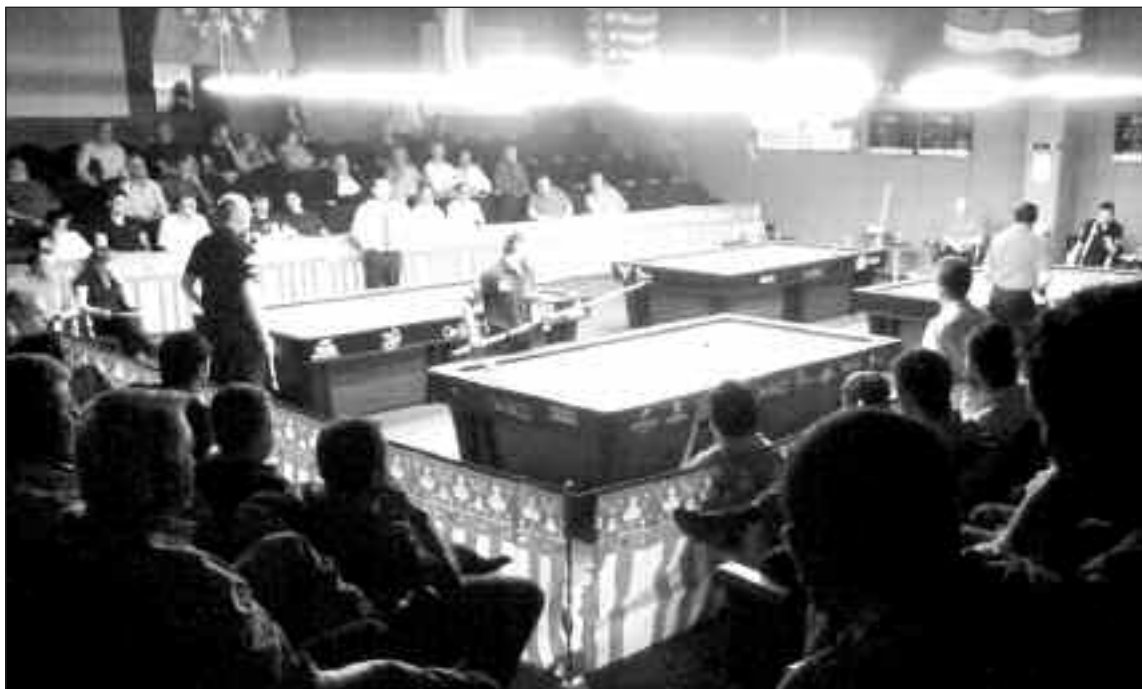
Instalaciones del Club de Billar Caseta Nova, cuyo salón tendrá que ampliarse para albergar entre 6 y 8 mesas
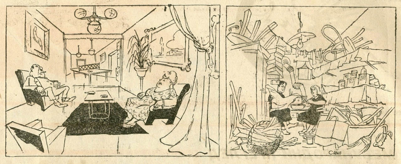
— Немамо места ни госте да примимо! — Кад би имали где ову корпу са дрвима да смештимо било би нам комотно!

###

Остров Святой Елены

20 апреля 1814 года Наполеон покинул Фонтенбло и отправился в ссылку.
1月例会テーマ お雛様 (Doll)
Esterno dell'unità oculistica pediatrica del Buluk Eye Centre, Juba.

###

Task objective: Could you restate, word for word, the lines above from the one with "20 апреля 1814" to the one with "Esterno dell'unità oculistica", both included?

Exercise answer:
20 апреля 1814 года Наполеон покинул Фонтенбло и отправился в ссылку.
1月例会テーマ お雛様 (Doll)
Esterno dell'unità oculistica pediatrica del Buluk Eye Centre, Juba.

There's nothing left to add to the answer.